Each convolutional layer in our FID-N has 64 filters. This paper obtains, in total, T denoised seismic data after T iterations.

In Figure 1, the SSFE module consists of two convolutional layers with 3 × 3 and 5 × 5 convolutional kernels, with a stride of 1. Conv 3 is the convolutional layer with 3 × 3 convolutional kernels.

Table 1. Structure of signal shallow feature extraction.

Type	Kernel	Stride	Padding
Conv 1	3 × 3	1	1
Conv 2	5 × 5	1	2
Conv 3	3 × 3	1	1

shows the SSFE structure.

3.2. Two-Path Information Distillation Block (IDB)

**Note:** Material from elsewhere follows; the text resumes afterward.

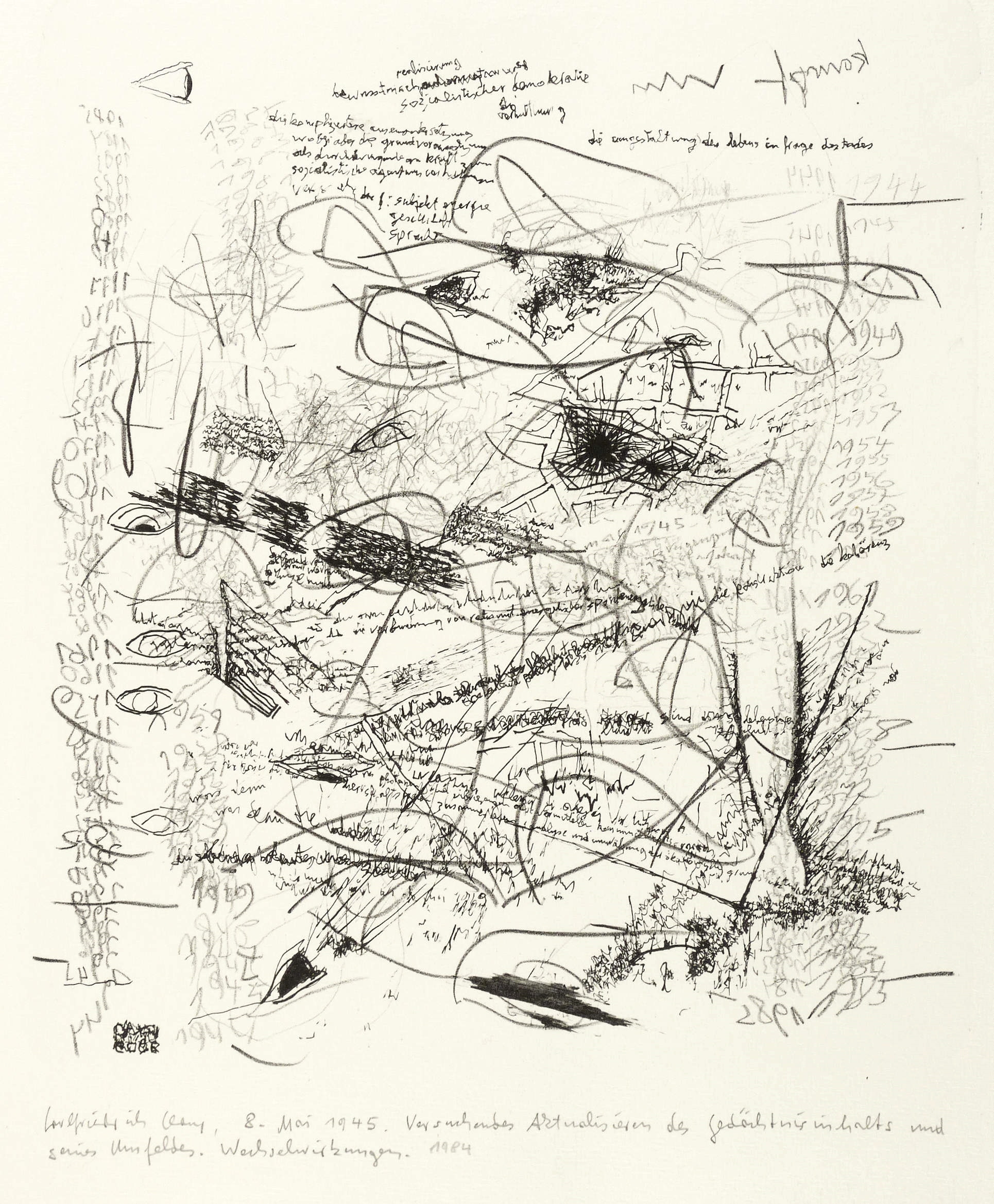 1984. Lithografie / Feder- & Kreidelithografie, in Schwarz, auf Büttenkarton. – Von Carlfriedrich Claus. – 28,7 x 26,4 cm (Darstellung / Druckbild), 40 x 35 cm (Blatt).

Figure 2 shows the designed two-path IDB that consists of two parts to take advantage of short- and long-path features, respectively. This two-path network differs from the information distillation network (IDN) model because it is constructed in every part and different paths use different convolutional kernels. Therefore, our algorithm can adaptively measure the features of the short and long paths at different scales.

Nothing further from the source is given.